Appellant, in asking us to conclude as a matter of law that the illegal detention hampered and impaired his defense, overlooks those parts of the transcript which show a more serious impairment because of his own dereliction. The information was filed April 14th; appellant appeared with counsel in open court for arraignment April 21st, and moved to have the arraignment continued. His motion was granted. On May 11th, his counsel presented a written order to the court fixing bail at $1,500 and that day he was released on a bond posted by a surety company.
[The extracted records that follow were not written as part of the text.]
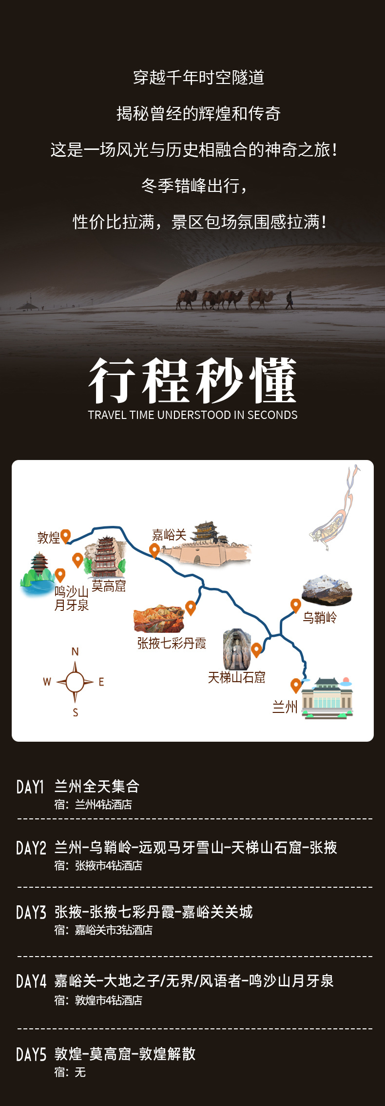 4、门票:天梯山石窟门票、张掖七彩丹霞门票+环保车、嘉峪关关城门票、鸣沙山月牙泉门票、莫高窟淡季门票
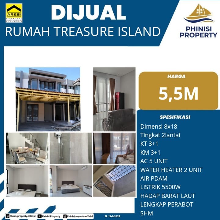 Mencari hunian mewah yang siap huni di Makassar? Rumah Treasure Island adalah pilihan yang tepat. Berdiri di atas tanah berdimensi 8 x 18 meter, rumah 2 lantai ini memiliki 3 1 kamar tidur dan 3 1 kamar mandi. Dilengkapi dengan 5 unit AC dan 2 unit pemanas air (water heater), properti ini sudah memiliki fasilitas air PDAM dan listrik 5.500 watt. Rumah ini menghadap ke Barat Laut dan dijual lengkap dengan perabot. Dengan Sertifikat Hak Milik (SHM), rumah ini menawarkan kenyamanan dan nilai investasi yang sangat tinggi.
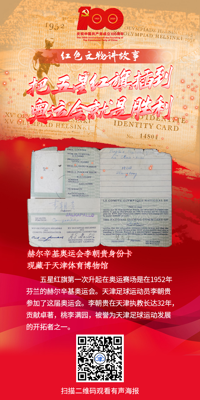 本期有聲海報(bào)聚焦天津體育博物館里“赫爾辛基奧運(yùn)會(huì)李朝貴身份卡”,1952年芬蘭赫爾辛基奧運(yùn)會(huì)開幕式前一天,中國(guó)正式收到奧組委邀請(qǐng)信。周總理當(dāng)機(jī)立斷:“要去!把五星紅旗插到奧運(yùn)會(huì)就是勝利!”天津足球運(yùn)動(dòng)員李朝貴參加了這屆奧運(yùn)會(huì)。一起看看李朝貴背后有怎樣的動(dòng)人故事吧!(津云新聞編輯/張璟 劉穎 設(shè)計(jì)制作/王舒瑤 技術(shù)支持/費(fèi)騰)
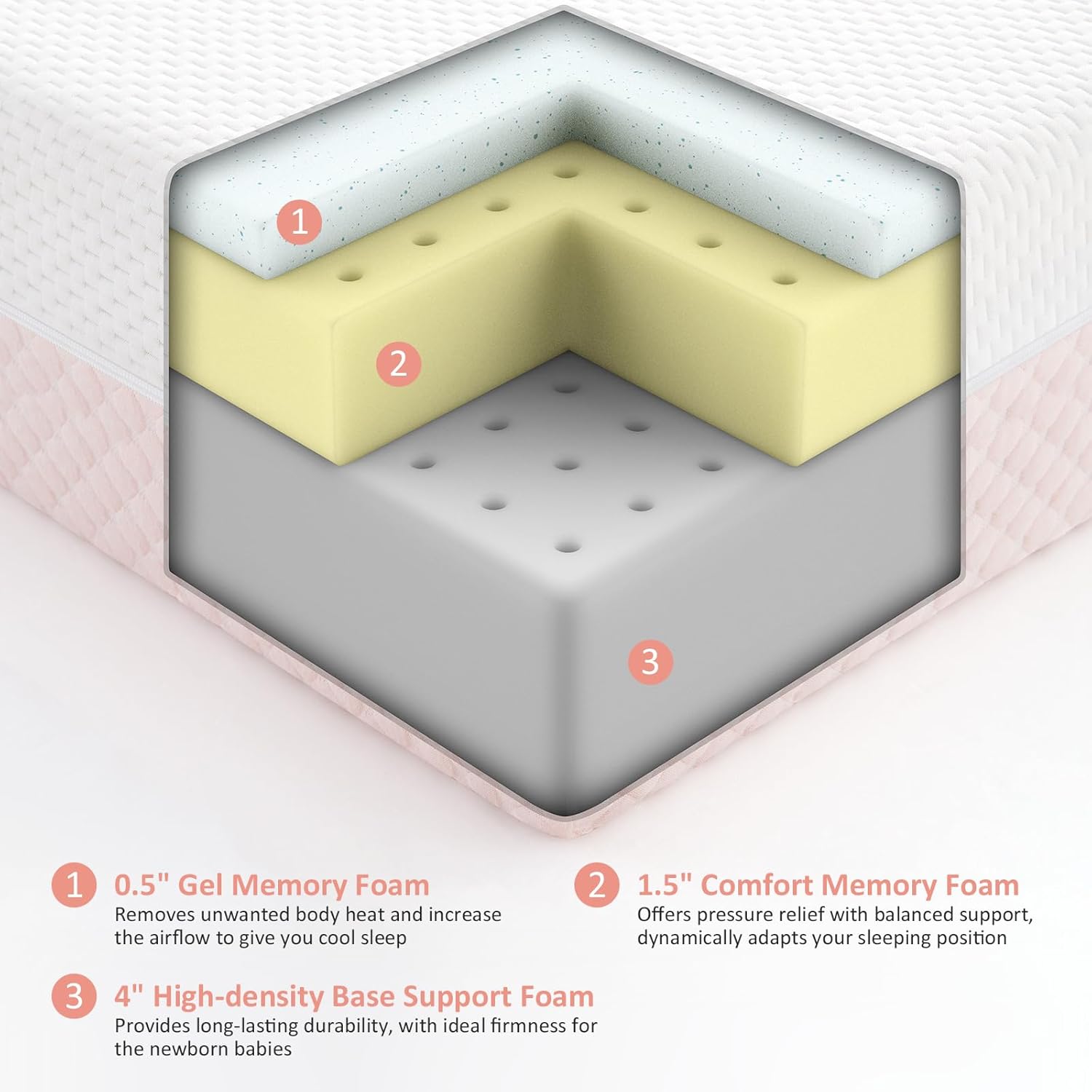Crib Mattress, Dual Sided Comfort Memory Foam Toddler Bed Mattress, Triple-Layer Breathable Premium Baby Mattress for Infant and Toddler w/Removable Outer Cover - White&Pink

The record is deficient as to the date fixed for trial, but subsequent events indicate that the cause was set to be tried sometime prior to December 8, 1959, for on that date the superior court issued an order to the bonding company to return appellant to the jurisdiction of the court within 10 days or suffer forfeiture of the bail bond. On February 2, 1960, the court issued an order forfeiting appellant's bail bond and directed that a bench warrant issue for his arrest. Thus it is certain that for many months - the duration of which we cannot ascertain from the record - appellant was a fugitive. Had he not fled the jurisdiction, he would have had ample time and opportunity before trial to bring before the trial court all of the matters he now urges as error arising from his illegal detention between April 7, 1959, and April 14, 1959, or to prepare his proper motions and objections to be made at trial. Having done neither, we have nothing to review on this assignment of error and, therefore, we affirm.